#### Required work
Transcribe every entry verbatim; omit pictures.

(Stored records)
______________________________
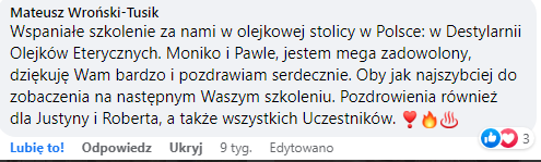 Sprawdź opinie uczestników naszych warsztatów destylacji. Dowiedz się, dlaczego pasjonaci naturalnych olejków wybierają naszą prowansalską szkołę w Polsce.
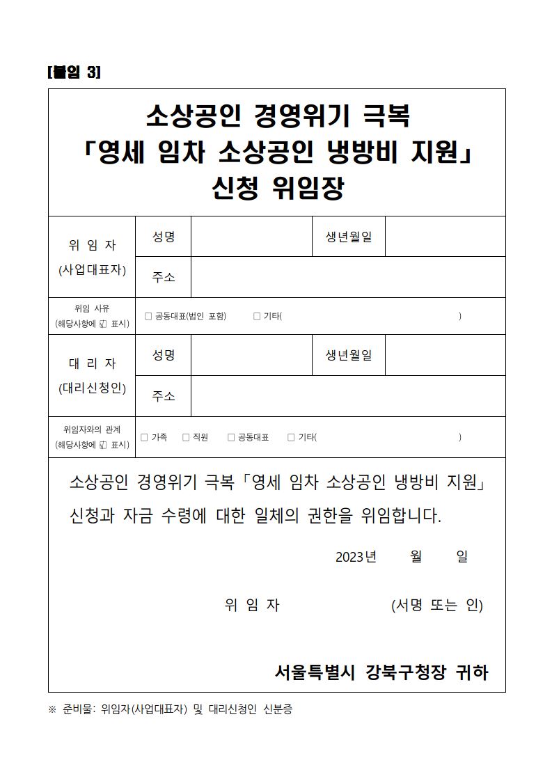 소상공인 경영위기 극복 영세 임차 소상공인 냉방비 지원 `22년 연매출이 2억원 미만이며, `23년 공고일(2023.8.8.) 현재 강북구 내 영업 중인 임차 또는 입점 사업장 - 개업일이 `23.4.1. 이전이며 공고
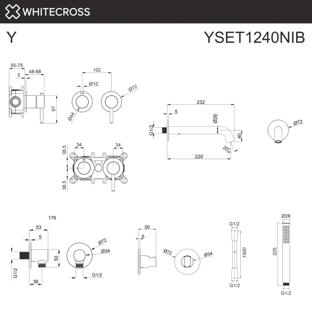 Смеситель для ванны скрытого монтажа WHITECROSS Y YSET1240BL (черный мат);Смеситель для ванны скрытого монтажа WHITECROSS Y YSET1240CR (хром);Смеситель для ванны скрытого монтажа WHITECROSS Y YSET1240GL (золото);Смеситель для ванны скрытого монтажа WHITECROSS Y YSET1240GLB (брашированное золото);Смеситель для ванны скрытого монтажа WHITECROSS Y YSET1240GM (оружейная сталь);Смеситель для ванны скрытого монтажа WHITECROSS Y YSET1240NIB (брашированный никель)
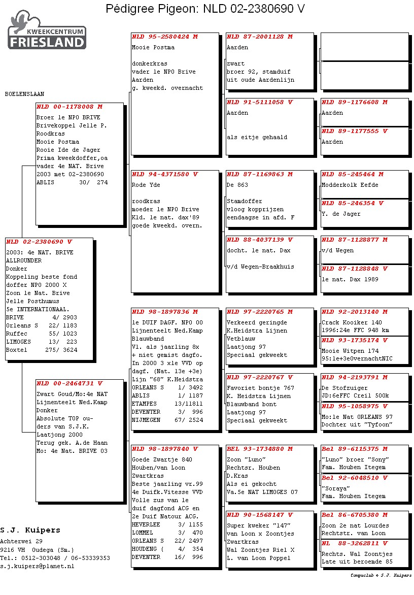 Deze duivin vloog in 2003 de 4e Nat. BRIVE ( 950 km) en de 5e INT. NAT. op 2905 duiven. Toen is er een jaar niet meegevlogen, alleen uit gekweekt. In 2005 weer mee gevlogen en won toen ze: Orleans (647 km) 22e op 1.183 duiven Ruffec (894 km) 55e op 1.023 duiven Limoges (874 km) 13e NIC Dachten op 223 duiven. Daarna definitief op de kweek gezet. De 02-2380690 komt uit de koppeling van de 1e NAT. ASDUIF Dagfond N.P.O. in 2000 keer een zoon uit de 1e Nat. Brive 1999 van Jelle Posthumus de Wilp.
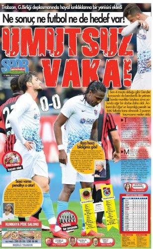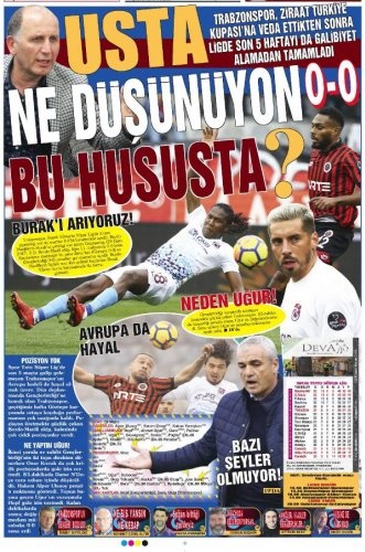 Taka Gazetesi, “Usta ne düşünüyon bu hususta?”, “Trabzonspor, Ziraat Türkiye Kupası’na veda ettikten sonra ligde son 5 haftayı da galibiyet alamadan tamamladı” yorumunu yaptı.
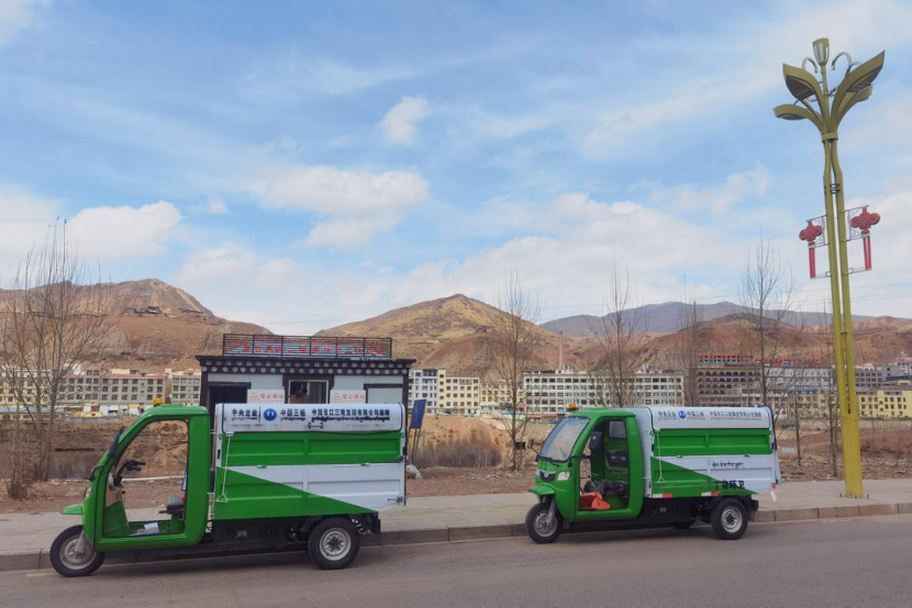 轉(zhuǎn)機(jī)來(lái)自2022年。三峽集團(tuán)開(kāi)始對(duì)口支援丁青,將生活垃圾處理能力提升列為重點(diǎn)援建項(xiàng)目。一批現(xiàn)代化環(huán)衛(wèi)車輛開(kāi)進(jìn)了高原縣城——壓縮式清運(yùn)車、洗掃車、灑水車等共20輛,分配給縣城和13個(gè)鄉(xiāng)鎮(zhèn)。
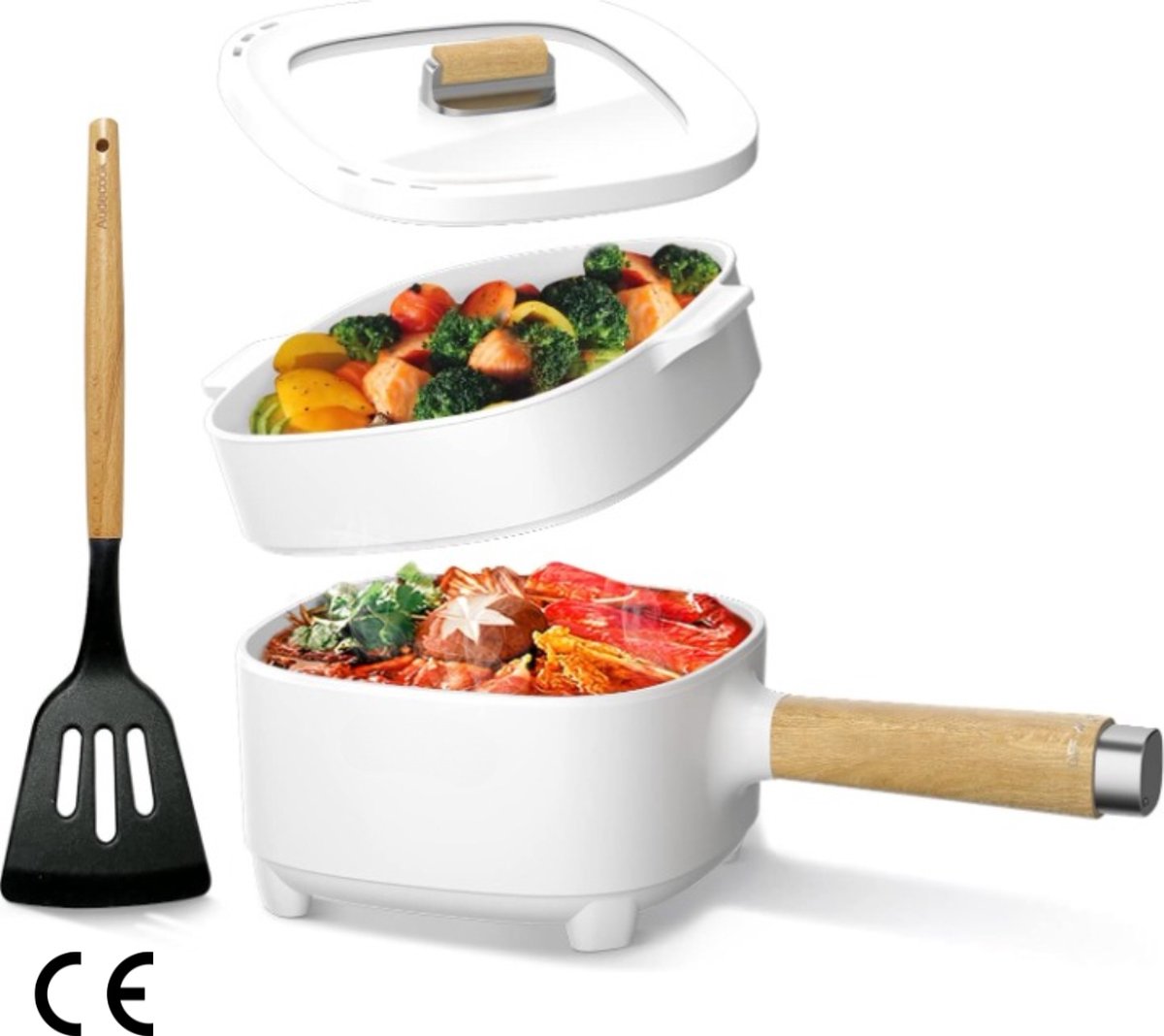 Multifunctionele Elektrische Hot Pot met Stomer: 2 L Capaciteit, 20 cm Diameter, Non-Stick Coating, Draagbaar Multicooker voor Windows, Steak, Ei, Havermout, Soep – 350 W/800 W – Wit
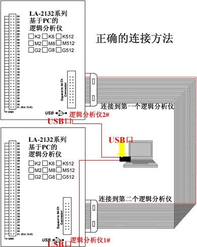 用一條同步扁平電纜,用二臺LA2132 構(gòu)成64通道邏輯分析儀,連接如下:
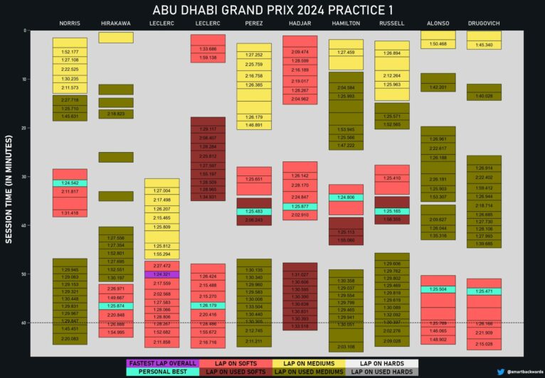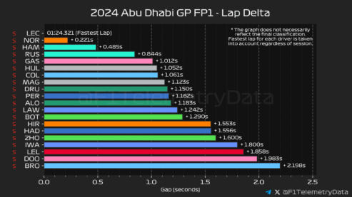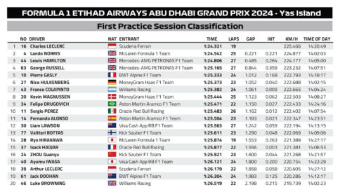 Το τελευταίο αγωνιστικό τριήμερο της φετινής σεζόν της Formula 1 ξεκίνησε με το FP1 του Grand Prix Άμπου Ντάμπι. Πρόκειται για έναν αγώνα πολλών αποχαιρετισμών, δεδομένων των αλλαγών στις οδηγικές συνθέσεις των ομάδων για το 2025. Ωστόσο, επειδή το FP1 διεξάγεται υπό το φως της ημέρας, ενώ ο αγώνας διεξάγεται στο σούρουπο, οι συνθήκες δεν ήταν αντιπροσωπευτικές.
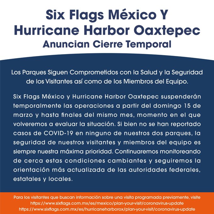 Ciudad de México. Six Flags México y Hurricane Harbor Oaxtepec anunciaron este sábado que suspenderán temporalmente las operaciones a partir de este domingo 15 de marzo.
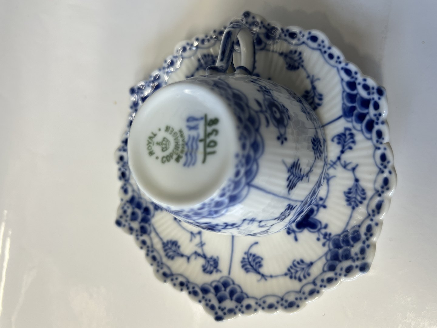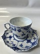 Royal Copenhagen Musselmalet Helblonde, lille espressokop med tilhørende underkop. Dekorationsnummer 1/1038. 2. sortering. Koppens diameter er 6,0 cm., højde 5,4 cm. Perfekt stand uden fejl.
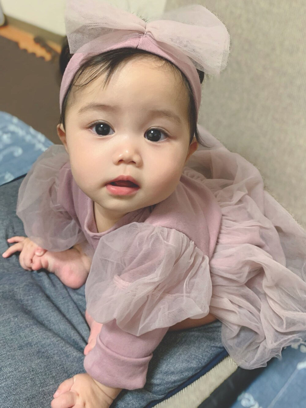 秋服🍂 ロンパースにチュールスカートが付いていて可愛い♡ 肩もお姫様みたいなラブリーな服👗 女の子だと着せたくなる、ふリふリ。笑
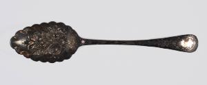 • NOTIZIE STORICO CRITICHE I cucchiai si esemplificano sui "Berry- spoon" inglesi con esuberanti composizioni di frutta e fiori sulla coppa dal caratteristico orlo ondulato e dotati di manico, rispondente al tipo denominato per la forma "Old English", inciso a ornati vegetali e rocaille stilizzati
______________________________
#### Response to the exercise
 Sprawdź opinie uczestników naszych warsztatów destylacji. Dowiedz się, dlaczego pasjonaci naturalnych olejków wybierają naszą prowansalską szkołę w Polsce.
 소상공인 경영위기 극복 영세 임차 소상공인 냉방비 지원 `22년 연매출이 2억원 미만이며, `23년 공고일(2023.8.8.) 현재 강북구 내 영업 중인 임차 또는 입점 사업장 - 개업일이 `23.4.1. 이전이며 공고
 Смеситель для ванны скрытого монтажа WHITECROSS Y YSET1240BL (черный мат);Смеситель для ванны скрытого монтажа WHITECROSS Y YSET1240CR (хром);Смеситель для ванны скрытого монтажа WHITECROSS Y YSET1240GL (золото);Смеситель для ванны скрытого монтажа WHITECROSS Y YSET1240GLB (брашированное золото);Смеситель для ванны скрытого монтажа WHITECROSS Y YSET1240GM (оружейная сталь);Смеситель для ванны скрытого монтажа WHITECROSS Y YSET1240NIB (брашированный никель)
 Deze duivin vloog in 2003 de 4e Nat. BRIVE ( 950 km) en de 5e INT. NAT. op 2905 duiven. Toen is er een jaar niet meegevlogen, alleen uit gekweekt. In 2005 weer mee gevlogen en won toen ze: Orleans (647 km) 22e op 1.183 duiven Ruffec (894 km) 55e op 1.023 duiven Limoges (874 km) 13e NIC Dachten op 223 duiven. Daarna definitief op de kweek gezet. De 02-2380690 komt uit de koppeling van de 1e NAT. ASDUIF Dagfond N.P.O. in 2000 keer een zoon uit de 1e Nat. Brive 1999 van Jelle Posthumus de Wilp.
 Taka Gazetesi, “Usta ne düşünüyon bu hususta?”, “Trabzonspor, Ziraat Türkiye Kupası’na veda ettikten sonra ligde son 5 haftayı da galibiyet alamadan tamamladı” yorumunu yaptı.
 轉(zhuǎn)機(jī)來(lái)自2022年。三峽集團(tuán)開(kāi)始對(duì)口支援丁青,將生活垃圾處理能力提升列為重點(diǎn)援建項(xiàng)目。一批現(xiàn)代化環(huán)衛(wèi)車輛開(kāi)進(jìn)了高原縣城——壓縮式清運(yùn)車、洗掃車、灑水車等共20輛,分配給縣城和13個(gè)鄉(xiāng)鎮(zhèn)。
 Multifunctionele Elektrische Hot Pot met Stomer: 2 L Capaciteit, 20 cm Diameter, Non-Stick Coating, Draagbaar Multicooker voor Windows, Steak, Ei, Havermout, Soep – 350 W/800 W – Wit
 用一條同步扁平電纜,用二臺LA2132 構(gòu)成64通道邏輯分析儀,連接如下:
 Το τελευταίο αγωνιστικό τριήμερο της φετινής σεζόν της Formula 1 ξεκίνησε με το FP1 του Grand Prix Άμπου Ντάμπι. Πρόκειται για έναν αγώνα πολλών αποχαιρετισμών, δεδομένων των αλλαγών στις οδηγικές συνθέσεις των ομάδων για το 2025. Ωστόσο, επειδή το FP1 διεξάγεται υπό το φως της ημέρας, ενώ ο αγώνας διεξάγεται στο σούρουπο, οι συνθήκες δεν ήταν αντιπροσωπευτικές.
 Ciudad de México. Six Flags México y Hurricane Harbor Oaxtepec anunciaron este sábado que suspenderán temporalmente las operaciones a partir de este domingo 15 de marzo.
 Royal Copenhagen Musselmalet Helblonde, lille espressokop med tilhørende underkop. Dekorationsnummer 1/1038. 2. sortering. Koppens diameter er 6,0 cm., højde 5,4 cm. Perfekt stand uden fejl.
 秋服🍂 ロンパースにチュールスカートが付いていて可愛い♡ 肩もお姫様みたいなラブリーな服👗 女の子だと着せたくなる、ふリふリ。笑
 • NOTIZIE STORICO CRITICHE I cucchiai si esemplificano sui "Berry- spoon" inglesi con esuberanti composizioni di frutta e fiori sulla coppa dal caratteristico orlo ondulato e dotati di manico, rispondente al tipo denominato per la forma "Old English", inciso a ornati vegetali e rocaille stilizzati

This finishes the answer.